ATMAN CONSULTING LTD - Analysis Report
Risk Rating: HIGH
The company shows a significant deterioration in its financial position in the latest year, with net current liabilities of £4,138 and net negative shareholders’ funds of £4,318. This indicates solvency concerns and potential inability to meet short-term obligations.Key Concerns:
- Negative Net Assets: The company moved from small positive net assets (£15) in previous years to a net liability position in 2024, signaling erosion of equity and possible financial distress.

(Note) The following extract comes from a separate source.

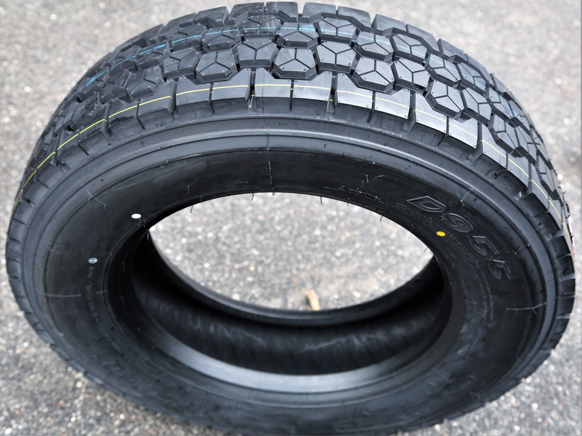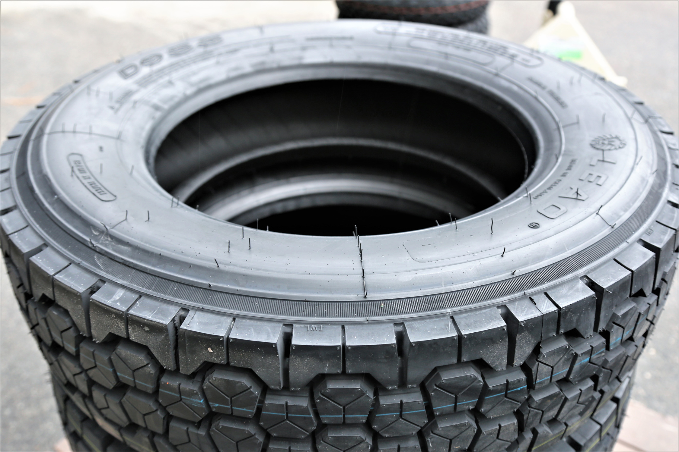 Leao D955 FEATURES AND BENEFITS All weather traction Upgraded durability Longer lasting tread life OVERVIEW The Leao D955 is a highway terrain, all season tire manufactured for commercial vehicles. It was made to be mounted on the vehicle’s drive axle. The tire promotes great all weather traction. The detailed tread pattern features larger center tread blocks and closed shoulder tread block placement. These tread elements increase the grip on the dry, wet and winter weather road surface to improve the year round driving safety. They enhance the number of biting edges gripping the road surface, boosting the model’s performing ability. The wide groove pattern avoids hydroplaning. These grooves disperse water and slush from below the footprint and resist hydroplaning to offer a secure wet and winter drive. The tread design and durable compound help lengthen the usability. The stronger compound features wear-resistant rubber materials which decrease the tread wear rate significantly. The stabilized tread elements actively avoid tread flexing while the tires are in motion. This resists unnecessary friction being created between the tire and the road surface, while allowing the tire’s even pressure distribution. As a result, the model prevents accelerated and irregular wear along the tread area, extending the usability and tread life. The D955 upgrades the durability. The strengthened steel belt structure maintains the ideal tire shape under the load and driving pressure affecting the model. This guarantees the model’s heavy-duty load capacity as it securely carries and withstands the weight of the load affecting the model. The stronger structure also protects the tire against damage. It resists punctures, cuts and other damage from harming the casing and shortening the model’s service life. Manufacturers recommend changing tires every 10 years. As long as tires are properly stored before they are sold, the year of their manufacture will not shorten their service life.

- Working Capital Deficit: Current liabilities (£17,871) exceed current assets (£7,281) markedly, indicating liquidity issues and potential cash flow constraints.
- Limited Scale and Resources: As a micro-entity with only one employee (the director), the company may lack operational resilience and capacity to absorb financial shocks.
- Positive Indicators:
- Compliance with Filings: The company’s accounts and confirmation statements are up to date with no overdue filings, suggesting good regulatory compliance.
- Consistent Business Activity: Operating since 2021 in IT consultancy (SIC 62020), with ongoing activity and no indication of dormant status or administration.
- Small Entity Reporting: Use of micro-entity accounts reduces administrative burden and costs, appropriate for its scale.
- Due Diligence Notes:
- Examine Reasons for Financial Decline: Investigate the factors driving the sharp drop in net assets and working capital deficit in 2024, including revenue, expenses, and debtor collectability.
- Cash Flow Analysis: Review cash flow statements or bank records if available to assess liquidity management and whether the company can meet immediate obligations.
- Director and Governance Review: Confirm the background and capacity of the sole director, including any potential related party transactions or personal guarantees.
- Future Financial Projections: Request management forecasts or plans that address the current negative equity situation and intended recovery strategies.